Exercise requirements:
Write each line below back out exactly, omitting its pictures.
[[ Supplied material open ]]
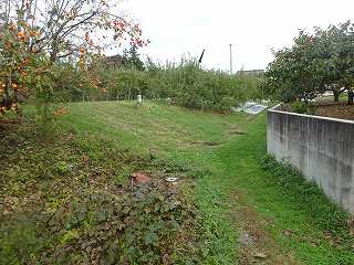 | 城山城の東側の堀跡。城塁はだいぶ削られ、堀は浅くなっているようだ。 | 南側の堀跡。 |
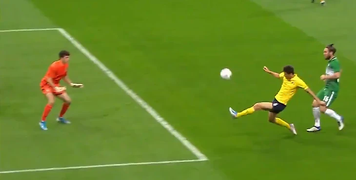 В итоге имеем примерно 7 метров от центра в момент паса и примерно 7 метров от ворот в момент удара, вычитаем из 52-х метров 14 и получаем 38 м, плюс-минус пара метров. Так что это скорее пас на 40 метров, чем на 30.
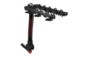 Our premium tilt-down hitch rack comes fully assembled out of the box. Installation is a breeze with the AutoPin™ and locking SpeedKnob™. New ZipStrips™ make loading and securing bikes simpler than ever. Need to access your vehicle? Simply tilt rack down with the conveniently located UpperHand™ lever. When used on an electric vehicle, this unit sits close to the trunk lid or tailgate, minimizing aero loses.
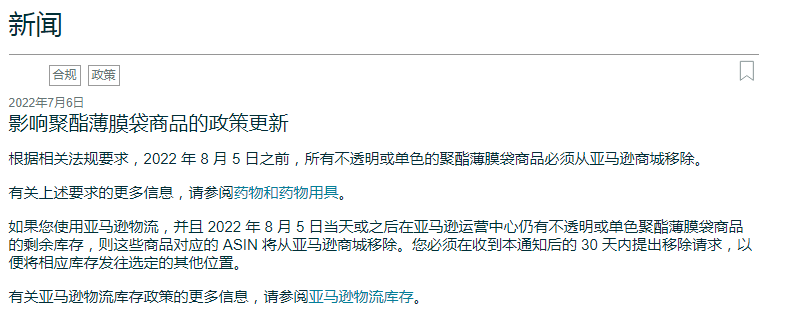 亚马逊美国站发布了一则《Policy update affecting Mylar bag listings》的公告:2022年8月5日之前,所有不透明或单色的聚酯薄膜袋必须从亚马逊商店下架,否则亚马逊将移除这些ASIN。
[[ Supplied material closed ]]
Exercise result:
 | 城山城の東側の堀跡。城塁はだいぶ削られ、堀は浅くなっているようだ。 | 南側の堀跡。 |
 В итоге имеем примерно 7 метров от центра в момент паса и примерно 7 метров от ворот в момент удара, вычитаем из 52-х метров 14 и получаем 38 м, плюс-минус пара метров. Так что это скорее пас на 40 метров, чем на 30.
 Our premium tilt-down hitch rack comes fully assembled out of the box. Installation is a breeze with the AutoPin™ and locking SpeedKnob™. New ZipStrips™ make loading and securing bikes simpler than ever. Need to access your vehicle? Simply tilt rack down with the conveniently located UpperHand™ lever. When used on an electric vehicle, this unit sits close to the trunk lid or tailgate, minimizing aero loses.
 亚马逊美国站发布了一则《Policy update affecting Mylar bag listings》的公告:2022年8月5日之前,所有不透明或单色的聚酯薄膜袋必须从亚马逊商店下架,否则亚马逊将移除这些ASIN。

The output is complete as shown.